校長賞に小川さんと上畑さん 理事長賞に永野さんと大塚さん


浮舟総長から理事長賞を贈られる大塚さん

 式の途中には、各賞表彰が行われ、校長賞が優秀な成績を修めた大阪ハイテクノロジー専門学校臨床工学技士専攻科の小川良太さんと、大阪保健福祉専門学校社会福祉科の上畑真弓さんに贈られたのをはじめ、大阪府教育長賞が大阪ハイテクノロジー専門学校スポーツ科学科の迫愛恵さんと大阪保健福祉専門学校医療秘書・情報科の吉村菜緒美さんに、理事長賞が大阪ハイテクノロジー専門学校柔道整復スポーツ学科の永野みきみさんと、大阪保健福祉専門学校介護福祉科の大塚麻由さんにそれぞれ贈られました。


 また、「人工心肺装置操作時における灌流量自動調整システムの作成」の研究に取り組んだ大阪ハイテクノロジー専門学校の臨床工学技士科チームと、「VR機器を使用した回想法の効果について~認知症高齢者を対象とした写真とVRによる回想効果の比較調査から~」の研究テーマに取り組んだ大阪保健福祉専門学校介護福祉科と大阪ハイテクノロジー専門学校生命工学技術科の混成チームにJESC(滋慶教育科学研究所)奨励賞が贈られました。

日刊工業新聞社賞とフジサンケイビジネスアイ賞も


  • 日刊工業新聞社の竹本大阪支社長から賞状と記念品を贈られる乾さんと相川さん
  • フジサンケイビジネスアイの両金大阪代表から賞状と記念品を贈られる山口さんと蛭子さん
 さらに皆勤賞や精勤賞のほか、日刊工業新聞社賞が大阪ハイテクノロジー専門学校の乾紘さんら「エナジードリンクが敏捷性と集中力に及ぼす影響について」の研究を行なった柔道整復スポーツ学科チームと、大阪保健福祉専門学校の相川貴俊さんら介護福祉科チームに、またフジサンケイビジネスアイ賞が「アミノ酸トランスポーターAsc2の未同定重鎖サブユニットの探索」研究に取り組んだ大阪ハイテクノロジー専門学校生命工学技術科の山口真奈美さんと、大阪保健福祉専門学校の蛭子萌子さんら看護学科チームにそれぞれの新聞社の大阪代表から贈られたほか、大阪府専修学校各種学校連合会賞など各業界団体からの各賞が優秀な成績を修めた学生やチームに贈られました。

学生の謝辞に会場が感動に包まれました


卒業生一同を代表して謝辞を述べる大阪ハイテクノロジー専門学校の濱﨑さんと大阪保健福祉専門学校の東さん(写真中央部の二人)

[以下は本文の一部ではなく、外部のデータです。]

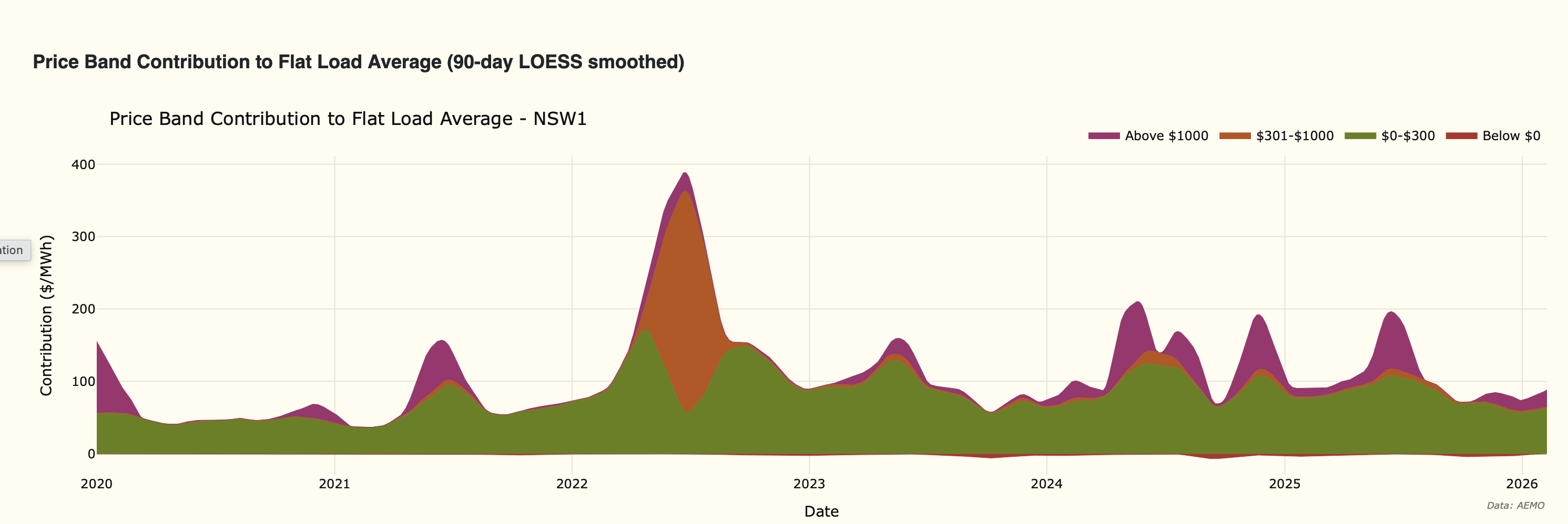 Equally we can look at the contribution of spikes to average prices on a longer term basis. The following figure uses a 90 day moving average of the contribution to average price caused by each price band. It misses the point about frequency but shows how important high prices can be to average prices and if we looked at different States we would see the spikes tend to occur in Winter. In NSW there have been more spikes since the closure of Liddell.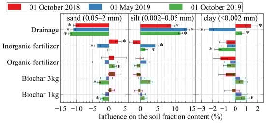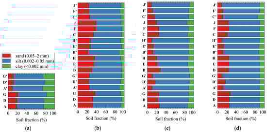 2), subsurface drainage systems, and fertilizer regimes on key physical properties of Endoargic Anthrosols (clay loam) in coastal Primorsky Krai, Russia. Granulometric composition remained stable (silt loam: sand 42–48%, silt 38–44%, clay 12–16%), though drainage significantly increased the silt fraction by >7.5% (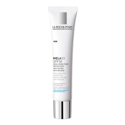 MELAB3 SPF30: Korjaava ja suojaava päivävoide herkälle iholle pigmenttimuutoksia vastaan, sisältää aurinkosuojakertoimen 30. Sisältää 5 % niasiiniamidia ja MELASYL-ainesosaa. Pigmenttimuutokset/tummat läiskät ovat näkyvästi vähentyneet 4 viikon jälkeen.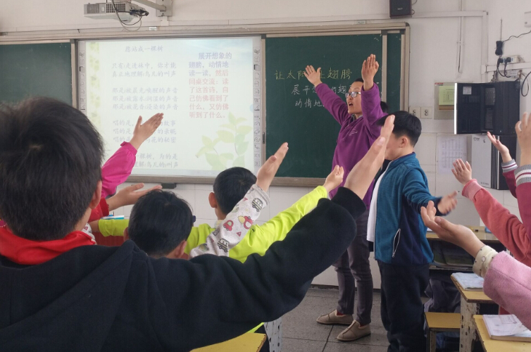 教学中,蒋老师向同学们推荐了一本好书——《让太阳长上翅膀》,引导学生在倾听与朗读中展开想象,在诗人金波的人格魅力引领下感受了儿童诗的特点和韵味。课堂上,同学们展开想象的翅膀,动情地朗读了《鲜花和星星》《愿站成一棵树》《想变成……》《让太阳长上翅膀》等诗歌,充分领略了儿童诗的情趣,也感受到了诵读诗歌可以让我们的生活充满诗意,让生命如歌。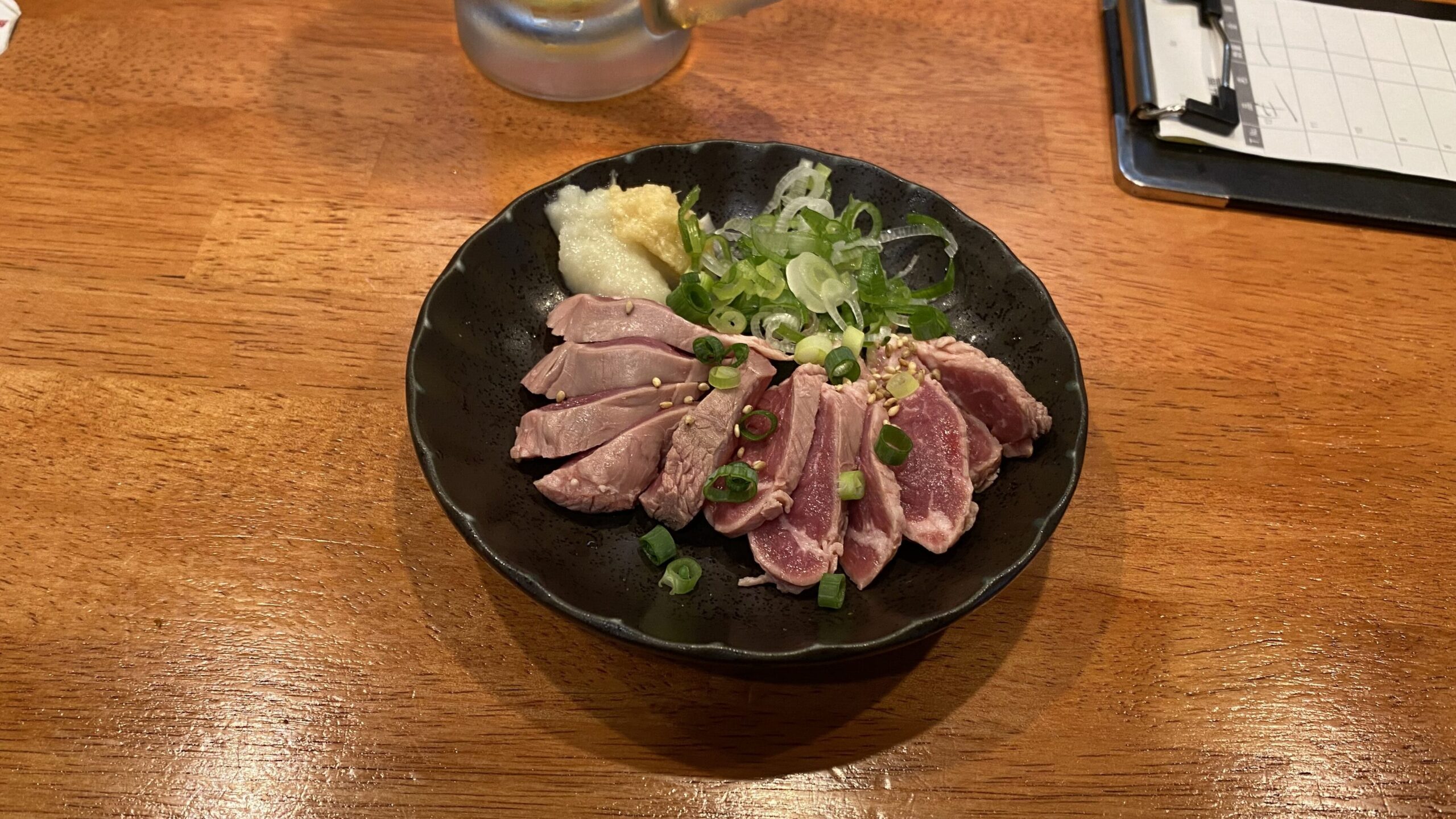低温調理されたハラミは非常に柔らかく仕上がっております。たっぷりのねぎとしょうがとニンニクが添えられており、醤油と合わせてたっぷりつけていただくのがおすすめです。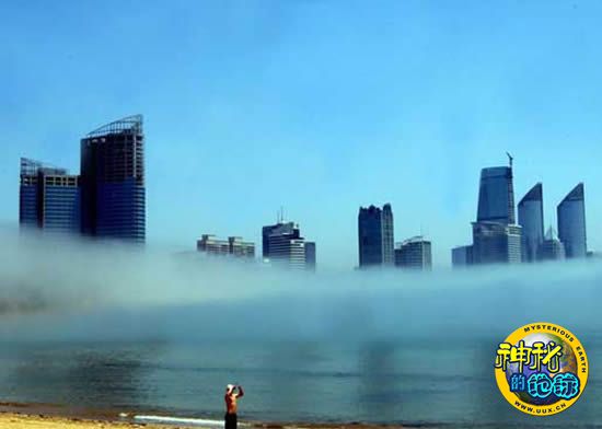 2010年6月6日,在青岛第三海水浴场附近出现彩色平流雾奇观。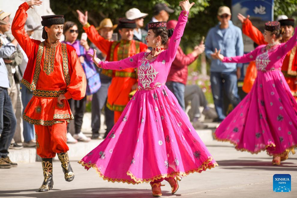 Mitglieder eines lokalen Gesangs- und Tanzensembles tanzen am 4. September 2023 zur Begrüßung von Touristen vor dem Kundendienstzentrum des Pamir-Tourismusgebiets im tadschikischen Autonomen Kreis Taxkorgan in der nordwestchinesischen Uigurischen Autonomen Region Xinjiang. (Xinhua/Wang Fei)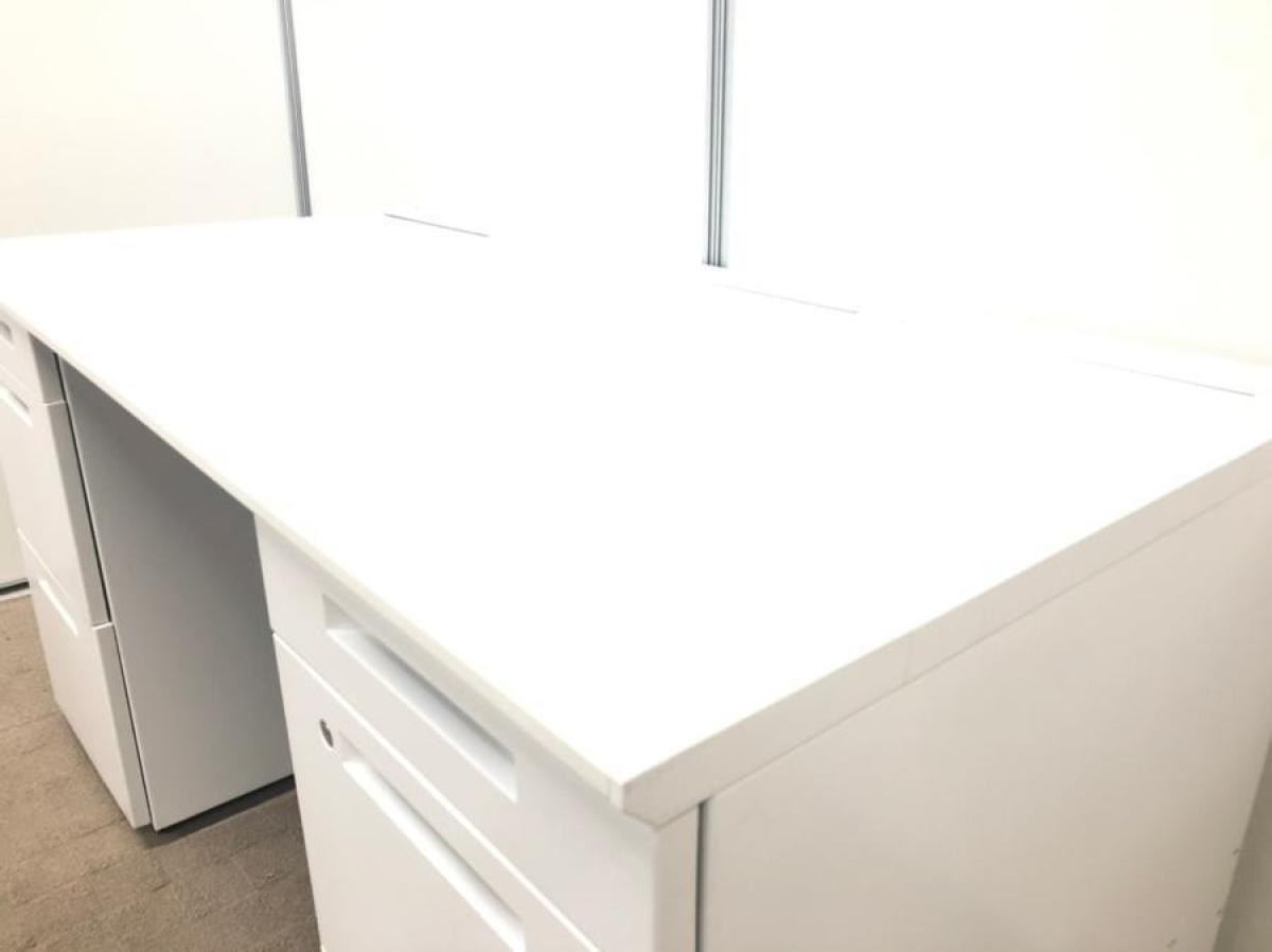 【T11】【商品入替のため、残り4台限り】コクヨ製 アイエス(IS) ホワイト 両袖 デスク W1400xD700xH720サイズ シリンダー 収納スペース充実! 机上をスッキリ整理! 幅広いワークスペースで上長席にもオススメ! W1400両袖机!!

 最後に、大阪ハイテクノロジー専門学校柔道整復師学科の濱﨑綾乃さんと大阪保健福祉専門学校介護福祉科の東和輝さんが謝辞を述べ、濱﨑さんは「一番の思い出は、上海中医薬大学での日本では出来ない臨床実習で、命の尊さを感じることができました。私にとってはかけがえのない学校生活でした」と述べ、東さんは「素晴しい仲間に囲まれ幸せな学校生活でした。この学校で得たものを生涯大切にしていきたい」とそれぞれ感謝の言葉を伝えました。また、苦労しながら専門学校に通わせてくれたお父さんやお母さんに感謝の言葉を伝えましたが、苦しかったことや楽しかったことなど、その時々のシーンを思い起こしたのか、感極まってのどを詰まらせる場面もあり、式場に感動を呼んでいました。


ゴスペルによる祝歌「ひまわりの約束」で卒業式終える


 姉妹校の大阪スクールオブミュージック専門学校の卒業生と放送芸術学院専門学校の在校生で構成するゴスペルアンサンブル「ソウルマティックス」による祝歌「ひまわりの約束」が贈られ、卒業生たちは拍手に送られて、謝恩会の会場に向いました。